Saturday, April 29, 2017

WE ARE WHO WE ARE BECAUSE WE CHEAT

Since one third of scientists confessed to engaging in questionable research practices, might one not think the conclusions reached that pot is not harmful were predetermined by researches wanting a pro-pot outcome?

I have always questioned the studies which purport to show that pot is a beneficial substance, not a harmful one. Of course one could also say that studies showing pot to be harmful are bogus. It all boils down to what you want to believe about pot. But I’ll eat my beloved John Deere cap if those studies showing pot is not harmful were not conducted by pot smokers determined to justify their use of marijuana.

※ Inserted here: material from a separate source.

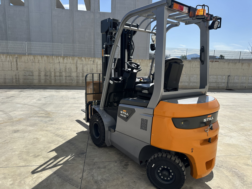 Carrelli elettrici usati di marca Still modello RCE 20P con propulsione Elettrica, portata 20 q.li, altezza di sollevamento 4850 mm, a noleggio. Occasione.

The following excerpt fron "Why We Cheat" by Ferric C. Fang and Arturo Casadevall, was sent to me by my former sheriff’s department colleague and old friend Jerry Doyle:

Not all people cheat, but it is "astoundingly common," and people are much more inclined to cheat if others around them are cheating:

"Although it is comforting to think that most people are essentially honest, cheating -- defined as acting dishonestly to gain an advantage -- is actually astoundingly common. In a 1997 survey, management professor Donald McCabe of Rutgers University and Linda Klebe TreviƱo, a professor of organizational behavior at the Pennsylvania State University, revealed that about three fourths of 1,800 students at nine state universities admitted to cheating on tests or written assignments. In 2005 sociologist Brian Martinson of the HealthPartners Research Foundation in Bloomington, Minn., and his colleagues reported that one third of scientists confessed to engaging in questionable research practices during the previous three years. ...

"Humans are surprisingly quick to cheat when the circumstances are conducive. In 2008 behavioral economist Dan Ariely of Duke University and his colleagues described what happened when they asked college students to solve math puzzles for cash rewards. When the researchers changed the experimental conditions such that the students assumed the examiner could not detect cheating, the average self-reported test score rose significantly. The researchers determined that the scores were not inflated by a few students who cheated a lot but rather by many students cheating a little. ...

"If cheaters used a simple cost-benefit calculation, one might predict that people would cheat as much as possible, not just a little bit. Yet in Ariely's study, students on average reported six correct answers when they got only four right, even though they could have raised their scores to a maximum of 20. In addition, no simple relation exists between the magnitude of the reward and the likelihood of cheating. When Ariely's team increased the cash reward, the amount of cheating actually declined. Ariely suggests that the students felt guilty when they cheated more or received larger amounts of cash through dishonest behavior. ... Another possibility is that the students thought they would be less likely to attract attention if they cheated only a little. ...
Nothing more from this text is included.